И вот полная славы жизнь приходит к концу. Он мирно умирает. Народ опечален. Ему воздвигают памятники, — но не статуи, а школы, музеи, академии в прославление его имени[231]. Его царствование еще не разрешило всех вопросов, но народ уже на верном пути к собственному счастью. И он мечтает о том счастье, которое люди создадут себе впоследствии. Вооруженные знанием, трудолюбием и любовью друг к другу, они не ведут войн, не судятся, не думают о деньгах: взаимная помощь обеспечивает каждому довольство. У них нет тщеславия, ни ложного стыда. В теплые дни они ходят обнаженные, и красота их тел превосходит красоту классических статуй: их члены развиты, равномерны, они не нуждаются в безобразной толще мускулов, но на лице их и на возвышенном черепе лежит печать изощренной мысли[232].

Образ подростка из незавершенного рассказа «Барышня и босой» можно рассматривать как художественную матрицу, из которой впоследствии развился основной тип главного героя сологубовской прозы. И учитель-мечтатель Василий Логин («Тяжелые сны»), строивший утопические проекты всеобщего процветания, и ученый-поэт Георгий Триродов («Творимая легенда»), избранный королем Соединенных Островов, несомненно, ведут свое происхождение от Саньки из рассказа «Барышня и босой», прототипом которого был Федор Тетерников, до конца жизни сохранивший детскую привычку ходить босиком.

В 1880-е — начале 1890-х годов Сологуб не написал ни одного сколько-нибудь значительного художественного произведения в прозе. Эта работа имела для него главным образом значение творческой лаборатории, в которой выкристаллизовалось основное тематическое и мотивное ядро будущих романов и рассказов, определились литературные ориентиры (Гоголь, Золя).

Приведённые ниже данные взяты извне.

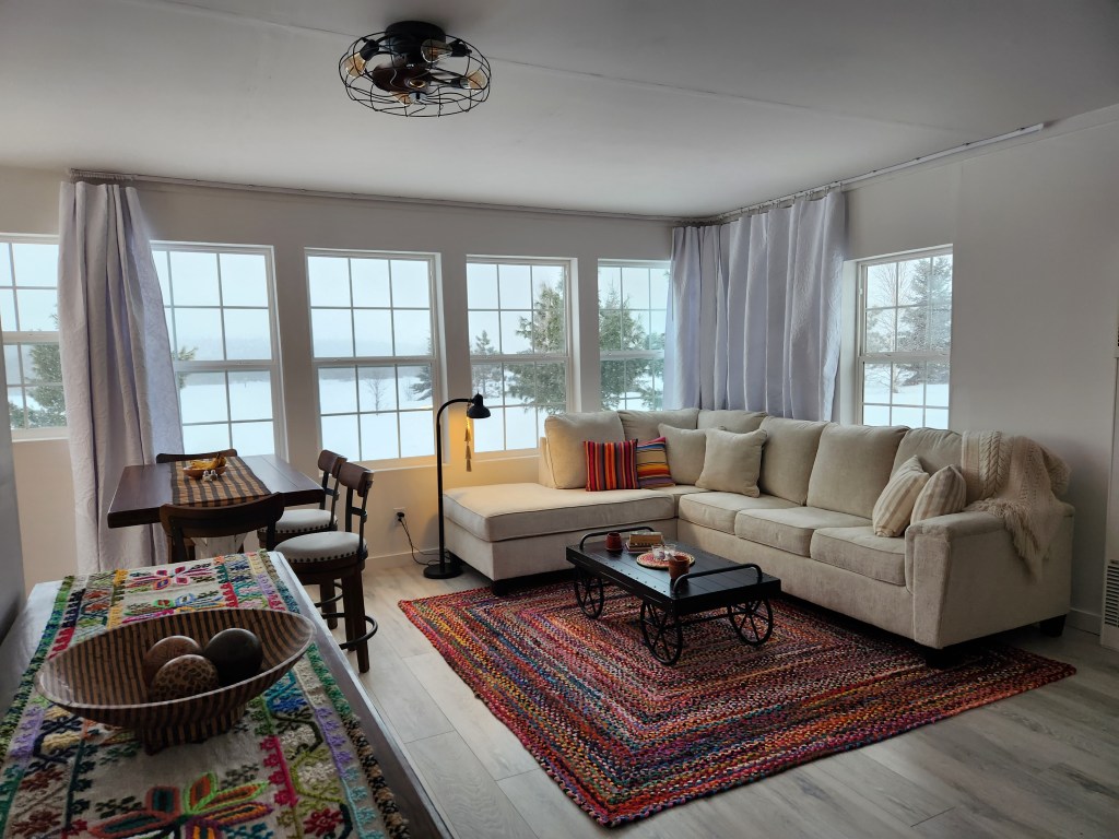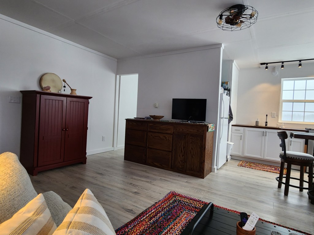 I wish I could give you an in-person tour of my sanctuary. But I’m here and you, my friends, are scattered all over the world. So photos will have to suffice for now. Here is my tiny home with industrial farmhouse decor at Granny’s Landing on the shores of Fantasy Bay.

Рассматривая цепочку основных сочинений Сологуба «долитературного» периода, нельзя не заметить, что уже в конце 1880-х годов в них сложился «бродячий» автобиографический сюжет — отчасти апокрифический, отчасти правдивый, который затем, претерпевая несущественные изменения, продолжал «пульсировать» в его художественных замыслах. Непременные атрибуты этого автобиографического субстрата: сиротство героя — ранняя смерть или отсутствие одного из родителей (чаще всего отца); суровое воспитание, жестокий деспотизм матери (тетки / бабушки / помещицы) или учителей; чувство несоответствия данного — несвободного и несправедливого — мира долженствующему быть, который обретает бытие в воображении героя.

вернуться

231

Ср. также строки из стихотворения «Мечты о славе! Но зачем…» (1898):

На перекрестке где-нибудь
Мое поставят изваянье,
Чтоб опорочить скорбный путь
И развенчать мое изгнанье.
О суета! О, бедный дух!
Честолюбивое мечтанье!
Враждебно-чуждых жизней двух
Столь незаконное слиянье!
Я отрекаюсь наперед
От похвалы, от злой отравы,
Не потому, что смерть взойдет
Предтечею ненужной славы,
А потому, что в мире нет
Моим мечтам достойной цели,
И только ты, нездешний свет,
Чаруешь сердце с колыбели.
вернуться

232

ИРЛИ. Ф. 289. Оп. 1. Ед. хр. 539-а. Л. 38–42, 31.